[[ SUPPLIED MATERIAL open ]]

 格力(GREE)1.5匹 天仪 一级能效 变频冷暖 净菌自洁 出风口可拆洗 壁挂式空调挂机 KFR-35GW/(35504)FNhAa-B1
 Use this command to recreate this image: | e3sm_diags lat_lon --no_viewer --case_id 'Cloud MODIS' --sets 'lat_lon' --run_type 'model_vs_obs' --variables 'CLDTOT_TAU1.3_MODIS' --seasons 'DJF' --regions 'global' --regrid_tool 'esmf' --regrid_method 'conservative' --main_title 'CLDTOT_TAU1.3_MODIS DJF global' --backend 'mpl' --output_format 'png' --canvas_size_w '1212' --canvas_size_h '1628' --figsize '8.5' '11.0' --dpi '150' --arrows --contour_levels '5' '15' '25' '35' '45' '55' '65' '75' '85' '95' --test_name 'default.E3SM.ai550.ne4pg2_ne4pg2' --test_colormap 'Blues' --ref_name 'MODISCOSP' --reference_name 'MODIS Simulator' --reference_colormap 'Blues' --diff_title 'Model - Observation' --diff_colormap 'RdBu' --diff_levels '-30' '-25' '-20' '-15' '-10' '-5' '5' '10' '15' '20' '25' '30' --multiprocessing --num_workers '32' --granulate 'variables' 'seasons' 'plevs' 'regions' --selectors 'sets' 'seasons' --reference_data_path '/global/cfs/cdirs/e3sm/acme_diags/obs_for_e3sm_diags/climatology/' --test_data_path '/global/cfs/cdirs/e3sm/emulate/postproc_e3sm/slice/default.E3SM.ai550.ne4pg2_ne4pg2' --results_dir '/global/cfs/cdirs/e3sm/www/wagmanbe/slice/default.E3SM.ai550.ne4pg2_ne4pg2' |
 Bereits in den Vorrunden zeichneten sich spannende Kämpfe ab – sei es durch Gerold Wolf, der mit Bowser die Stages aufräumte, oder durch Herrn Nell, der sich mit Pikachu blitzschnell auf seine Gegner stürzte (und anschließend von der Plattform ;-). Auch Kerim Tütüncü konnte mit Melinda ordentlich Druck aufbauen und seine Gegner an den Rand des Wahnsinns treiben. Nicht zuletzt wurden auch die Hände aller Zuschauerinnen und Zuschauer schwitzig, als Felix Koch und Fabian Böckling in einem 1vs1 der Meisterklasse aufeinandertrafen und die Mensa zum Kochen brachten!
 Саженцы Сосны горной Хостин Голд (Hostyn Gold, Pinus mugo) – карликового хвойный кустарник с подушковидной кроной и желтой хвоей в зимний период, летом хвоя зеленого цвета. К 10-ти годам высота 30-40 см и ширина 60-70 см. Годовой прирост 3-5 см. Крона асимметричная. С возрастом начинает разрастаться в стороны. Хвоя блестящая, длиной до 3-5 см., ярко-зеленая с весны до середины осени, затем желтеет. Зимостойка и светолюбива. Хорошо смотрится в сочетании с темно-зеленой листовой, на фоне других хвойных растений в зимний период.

[[ SUPPLIED MATERIAL closed ]]
[[ SUPPLIED MATERIAL open ]]

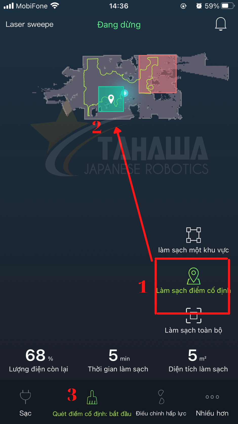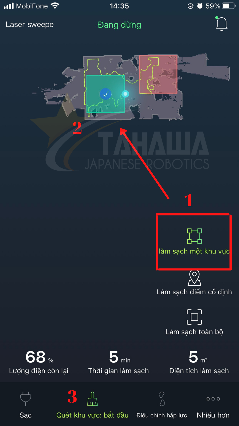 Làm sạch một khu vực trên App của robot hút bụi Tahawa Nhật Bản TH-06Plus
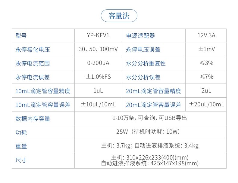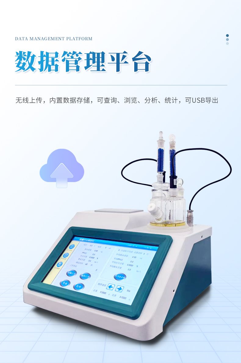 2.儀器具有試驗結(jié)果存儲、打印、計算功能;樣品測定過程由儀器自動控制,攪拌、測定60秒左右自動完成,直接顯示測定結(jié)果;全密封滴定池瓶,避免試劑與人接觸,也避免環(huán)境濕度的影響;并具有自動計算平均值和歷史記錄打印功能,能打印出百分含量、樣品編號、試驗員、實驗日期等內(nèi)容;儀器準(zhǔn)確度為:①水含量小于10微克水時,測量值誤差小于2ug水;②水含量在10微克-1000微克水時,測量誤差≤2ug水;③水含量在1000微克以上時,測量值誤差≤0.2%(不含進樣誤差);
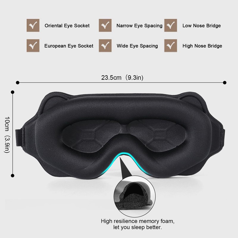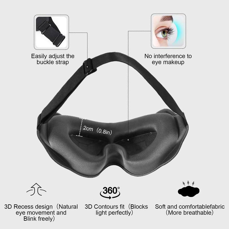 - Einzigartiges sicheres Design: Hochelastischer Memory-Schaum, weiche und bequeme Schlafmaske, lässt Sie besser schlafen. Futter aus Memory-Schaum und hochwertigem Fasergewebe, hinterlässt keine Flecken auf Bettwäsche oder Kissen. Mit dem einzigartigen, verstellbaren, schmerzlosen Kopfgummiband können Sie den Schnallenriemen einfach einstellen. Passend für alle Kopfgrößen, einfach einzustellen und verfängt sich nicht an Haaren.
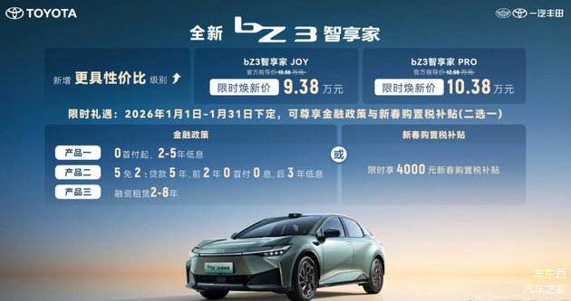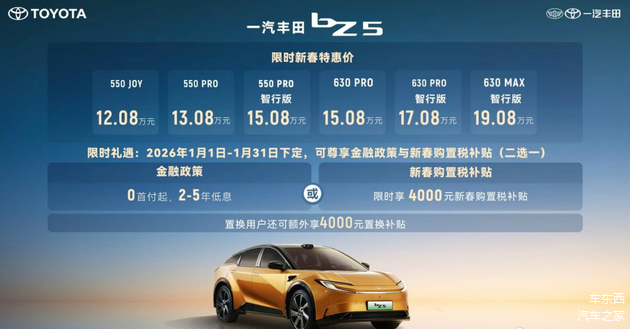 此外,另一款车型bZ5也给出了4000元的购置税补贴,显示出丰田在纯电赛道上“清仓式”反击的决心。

[[ SUPPLIED MATERIAL closed ]]
[[ SUPPLIED MATERIAL open ]]

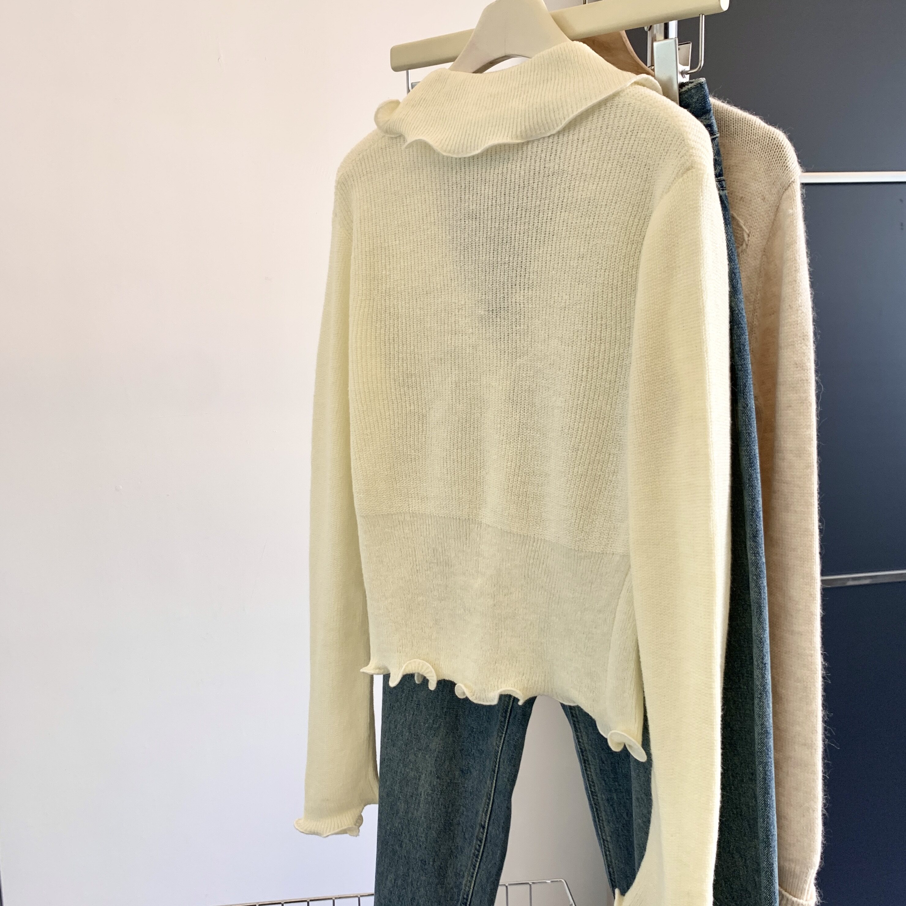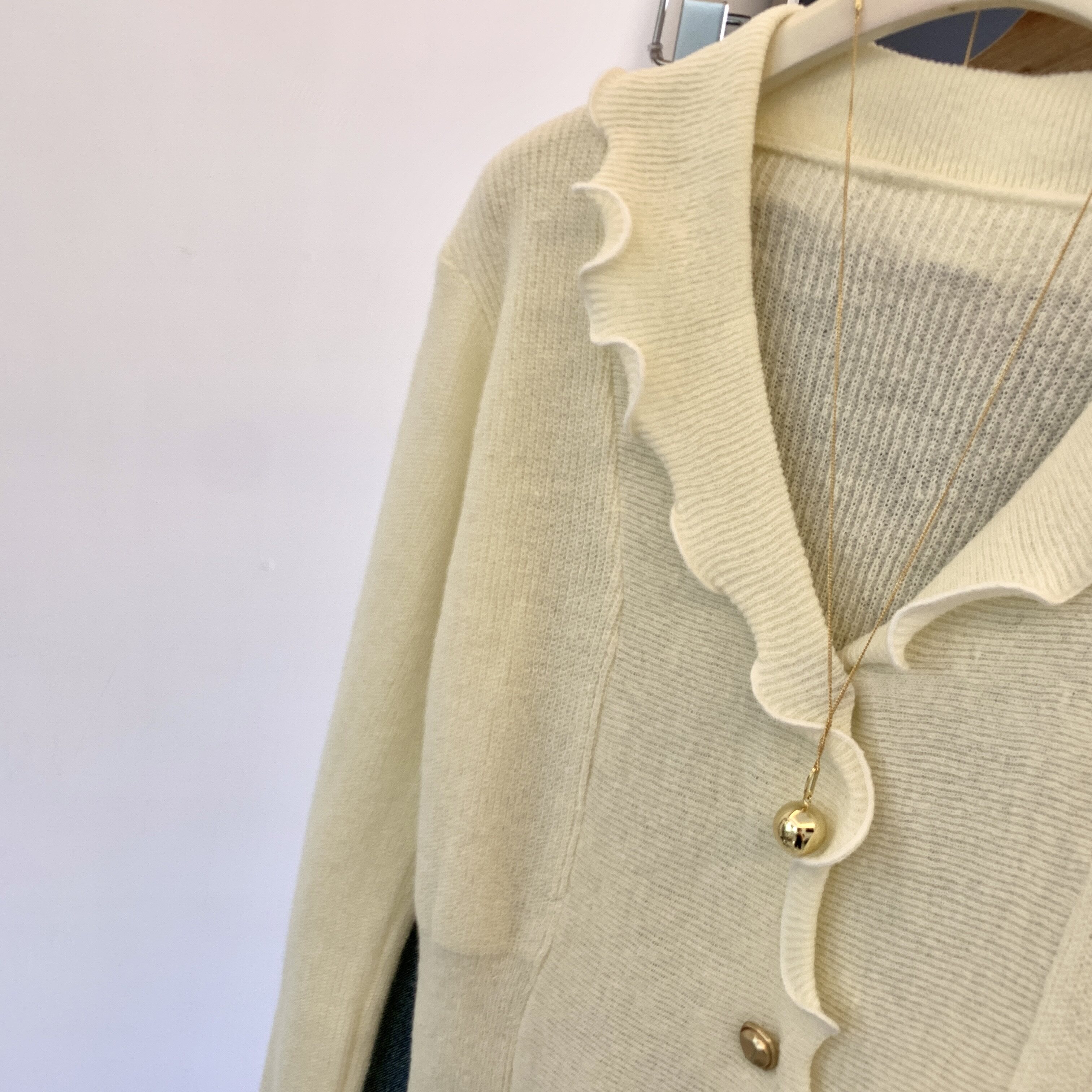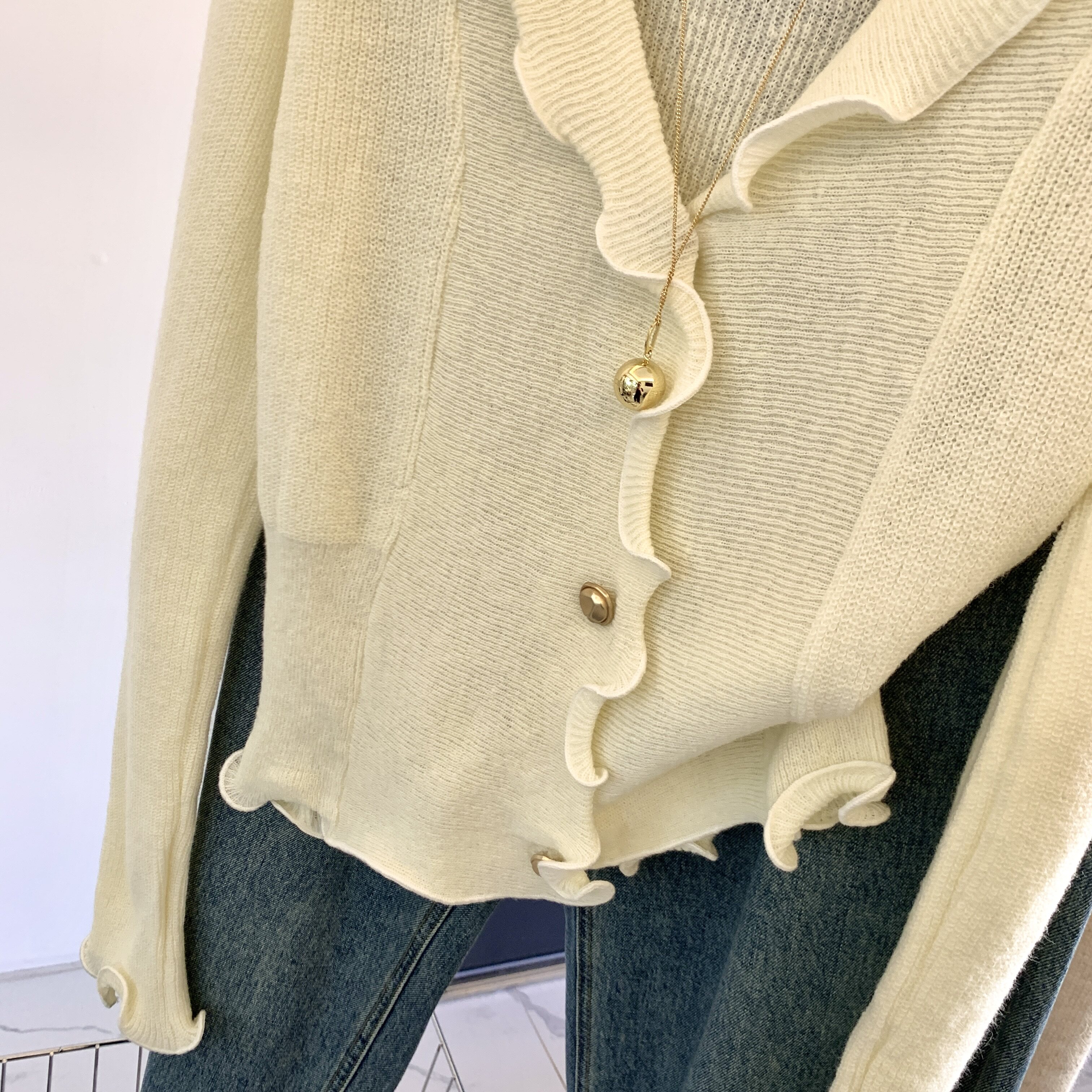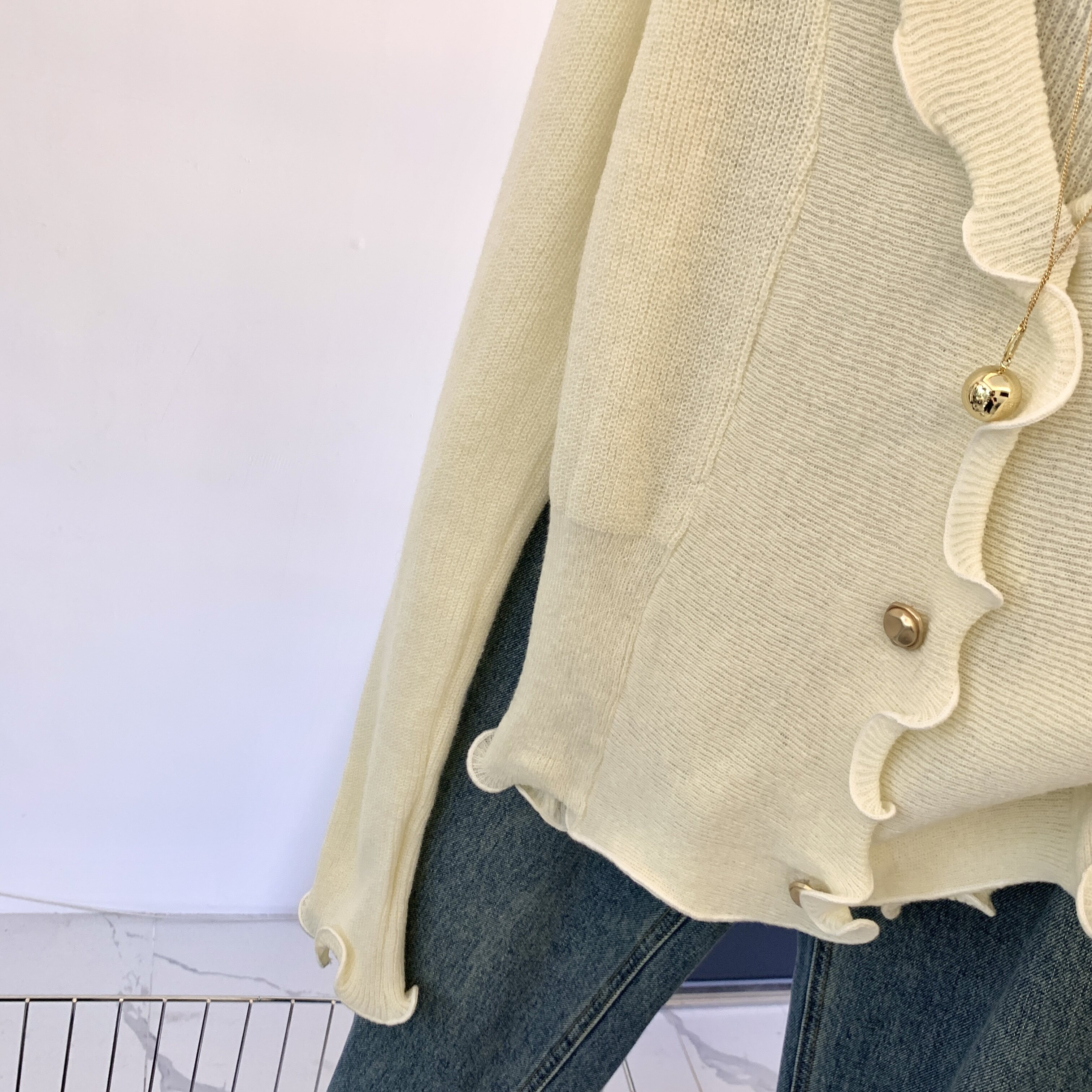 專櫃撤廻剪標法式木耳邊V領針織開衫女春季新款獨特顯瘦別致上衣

[[ SUPPLIED MATERIAL closed ]]

» TASK INSTRUCTIONS:
Now transcribe the lines above exactly, starting at the line containing "- Einzigartiges sicheres" and ending at the line containing "此外,另一款车型bZ5也给出", both lines included, pictures excluded.

» WRITTEN ANSWER:
 - Einzigartiges sicheres Design: Hochelastischer Memory-Schaum, weiche und bequeme Schlafmaske, lässt Sie besser schlafen. Futter aus Memory-Schaum und hochwertigem Fasergewebe, hinterlässt keine Flecken auf Bettwäsche oder Kissen. Mit dem einzigartigen, verstellbaren, schmerzlosen Kopfgummiband können Sie den Schnallenriemen einfach einstellen. Passend für alle Kopfgrößen, einfach einzustellen und verfängt sich nicht an Haaren.
 此外,另一款车型bZ5也给出了4000元的购置税补贴,显示出丰田在纯电赛道上“清仓式”反击的决心。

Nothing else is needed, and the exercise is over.